Куропаток, сорок, чирка, жаворонков, нескольких ворон, коростелей, других фазанов и множество других голубей — всех их вскоре принуждают с шумом взлететь в воздушное пространство, осаждаемое ловчими птицами. Появляются и несколько соек, а еще, впервые за сегодня, самая пугливая дичь (кролики). За дело принимаются большие соколы и ястребы, мотаясь между своей воздушной игровой площадкой и соколятниками, которые подзывают своих подопечных, свища, размахивая приманками и вскидывая руки под странными, чем-то привлекающими соколов углами. Двоих полуприрученных соколов, пойманных взрослыми, уличают в том, что они когтят добычу, и с позором запирают в клетки. Пернатые мертвецы становятся грудой, а затем и могильным курганом.

Что ж, прелюдия славная, думает Папа. Он лучится улыбкой, глядя на своих придворных, те лучатся улыбками в ответ. Ему машет рукой Лено. Папа не отвечает. Лено прибыл сегодня утром, без приглашения, якобы для проверки работ в конюшне. Было объявлено, что работы в конюшне ведутся удовлетворительно. Почему же Лено не уехал? Ясно почему: десятник, присланный сюда Лено, исчез вместе с двумя своими помощниками, якобы затем, чтобы найти Лено в Риме. Десятник не получил от Лено никакой платы. Папе хочется спросить, почему это рабочие Лено одеты как монахи, но и сам Лено тоже не получал платы. Лено, по его словам, ждет возвращения десятника, но еще больше он ждет, чтобы ему заплатили. Вот Папа и не отвечает на его приветствие. Довольно об этом. Где Вич? Понтифик ищет посла взглядом среди небольших шатров, воздвигнутых позади его холмика… Вот он. Беседует с Фарией. Сегодня вечером, возможно, появится с докладом Руфо. Или завтра, в Остии. Он спросит у него о точном времени смерти; уж не в этот ли самый момент? Всего в пятнадцати милях отсюда, в Борго, это может происходить прямо сейчас. Он с радостью смотрит на аккуратно растянутую парусину, на травянистый луг, на деревья, на голубое небо с пылающим солнцем и ястребами, кружащими и парящими в совершенной тишине. Он счастлив потому что любит охоту. Любит.

Вверху продолжается бойня.

[52], подобная единственной черной туче, предвещающей бурю, — Амалия.

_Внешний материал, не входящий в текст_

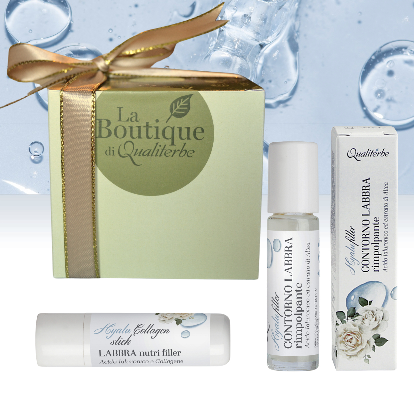Ideale per chi desidera labbra piene e idratate, pronte a risplendere con una bellezza naturale ogni giorno. Dona alle tue labbra e al contorno labbra una cura completa e intensiva con il Cofanetto "Trattamento Intenso Labbra" all'Acido Ialuronico. Questo duo esclusivo è studiato per proteggere, rimpolpare e valorizzare la naturale bellezza delle labbra. Hyalu Collagen Stick Labbra Protettivo Rimpolpante: Un balsamo ricco e idratante che protegge dalle aggressioni esterne, rimpolpando e lasciando le labbra morbide e vellutate. Hyalu Filler Contorno Labbra Rimpolpante: Un trattamento mirato che leviga il contorno labbra, riducendo le piccole rughe e definendo il sorriso per un aspetto giovane e fresco.

Действительно ли они утопили ее в болоте, эти головорезы? Или она была разорвана дикими зверями? Может быть, медведями? Или волками? Бедная малютка.

На глаза ему попадаются послы, которые успели уже оказаться чуть впереди его холмика и теперь шагают по лугу слева от него, причем движения Вича куда изящнее, чем это помнится Папе, а коренастый Фария с трудом ковыляет рядом. Уж не идут ли они под руку?

— Толстяк! Толстяк!

По траве важно выступают Биббьена и Довицио, неся кувшины вина и арбалеты — он их, сам не будучи лучником, не одобряет и все же скрепя сердце позволяет использовать.

— Доброе утро, верховный понтифик! — радостно приветствуют они его и возобновляют свое песнопение над дерном, измученным жаждой.

Он смотрит на лес, потом припадает к своей трубе, поводя ею то влево, то вправо. Что-то не так…

— Что происходит?! — кричит он, неожиданно сбитый с толку.

Все вскидывают головы, но никто не отвечает.

— Ну?

По-прежнему никто ничего не говорит; неужели он действительно внушает такой ужас?

— Ничего не происходит! — растолковывает он.

Ничего не понимающие люди оборачиваются к лесу, а потом рядом с ним появляется Боккамацца, заверяя его, что перерыв в продвижении загонщиков только к лучшему, что это позволит лесным обитателям оторваться от топающих ногами и кричащих людей, обеспечивая постепенное прибытие пушных и шерстистых жертв, ведь постоянный приток куда лучше внезапного и избыточного наплыва. Кроме того, загонщики сейчас завтракают. Не желает ли и он позавтракать?

Позавтракать? Да.

Шагая обратно к своему холму, он переговаривается с Боккамаццей и Вичем, спрашивая у первого, не переменится ли ветер, а у второго — доставляет ли ему удовольствие этот выезд в Кампо ди Мерло и охота с Папой.

— Нет, — говорит Боккамацца.

— Я лишь смею надеяться, что наше куда более скромное развлечение доставит вам такое же удовольствие завтра в Остии, — говорит Вич.

Умно, думает Лев. Но достаточно ли умно? Вич с вежливым погоном удаляется.

— Вы подготовили зверя, как я приказывал? — шепотом спрашивает Лев у Боккамаццы.

Его главный охотник кивает:

— Вам остается только подать знак, ваше святейшество.

Секундой позже, как только загонщики, отряхивая с колен муравьев и ослабляя пояса, начинают свое наступление, возобновляется и болезненное для ушей клацанье, на сей раз более отчетливое, и первые крики достигают пределов слышимости. Обитатели леса, спасаясь, бегут — в общем и целом по направлению ко Льву.

Вскоре из-за деревьев нерешительно появляется молодой козлик и обводит глазами парусину, маленькие шатры, Папу, восседающего на своем холмике, бездельничающих придворных и домочадцев, соколятников и их ловчих птиц, слуг, разносящих бидоны с водой и оружие, кардиналов, послов… Козлик отступает.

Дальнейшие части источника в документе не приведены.